Platonic crystals are periodic structures which are designed to guide flexural wave energy through thin elastic plates.

The term platonic crystal is formed by analogy to photonic crystals, phononic crystals, and plasmonic crystals. The name emphasizes a thin plate formulation, which is governed by a fourth order partial differential equation, as opposed to a second order equation which governs other types of crystals. There are also strong connections between platonic crystals and metamaterials.

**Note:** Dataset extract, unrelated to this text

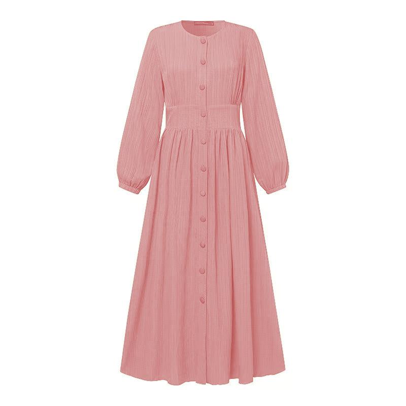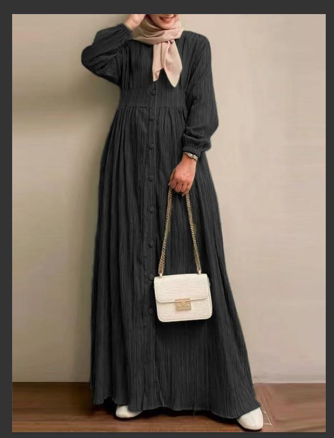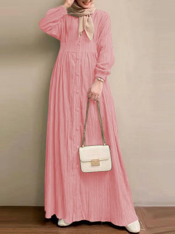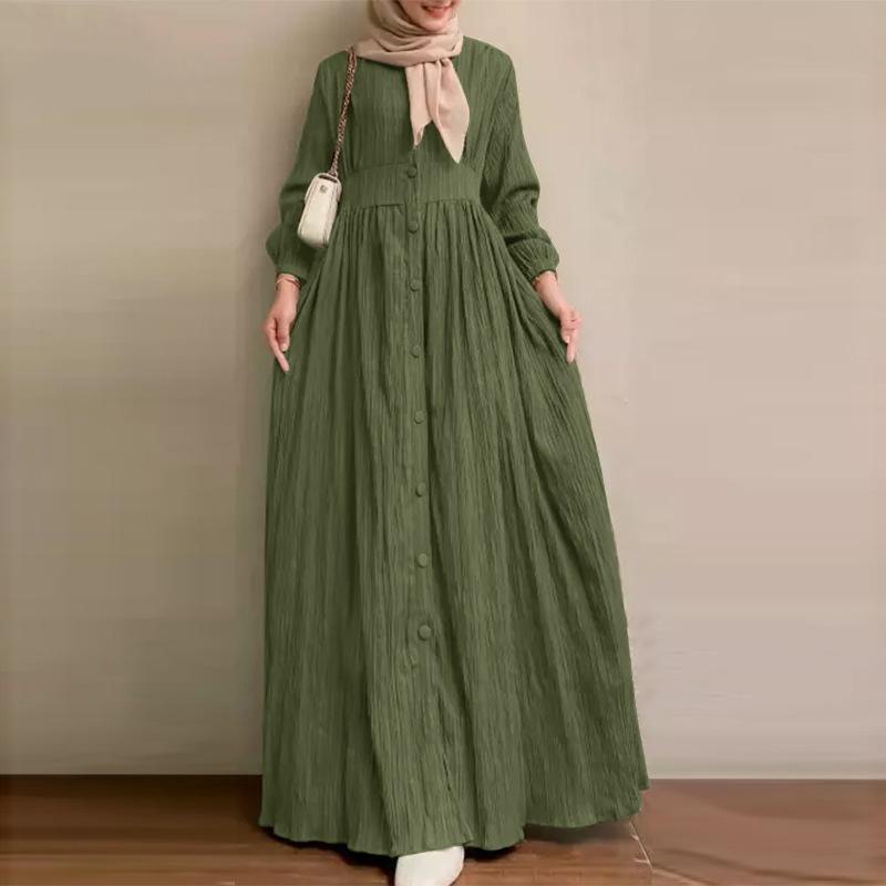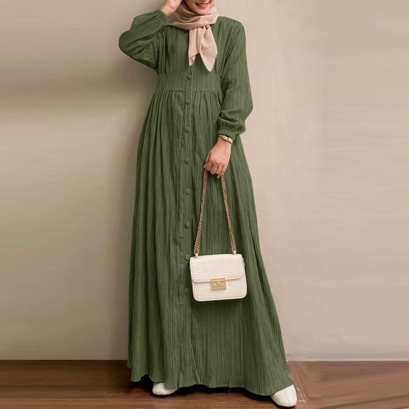 Vestido elegante de moda de color sólido para mujer musulmana de Oriente Medio, estilo retro con mangas abullonadas, primavera y otoño, 2024

The study of platonic crystals is referred to as platonics, and does not refer to the teachings of Plato, or the Platonic solids. The term is now in common usage by multiple research groups in Australia, New Zealand, France, and the United Kingdom.

==Applications==
The types of platonic structures that have been examined include arrays of perforations, arrays of pins, arrays of point masses, as well as periodic variations in the plate material itself. Platonic crystals have been shown to exhibit a number of behaviours similar to photonic crystals, including negative refraction, beam splitting, and wave trapping. They may also feature large stopbands where wave propagation is not possible through the crystal, as well as cloaking near degenerate band surfaces. Investigations into defective platonic crystals has also revealed strong energy localization effects within the defects, with high quality factors.

Experimental work in platonics to date has shown promising results in cloaking and flat lens focusing of flexural wave energy.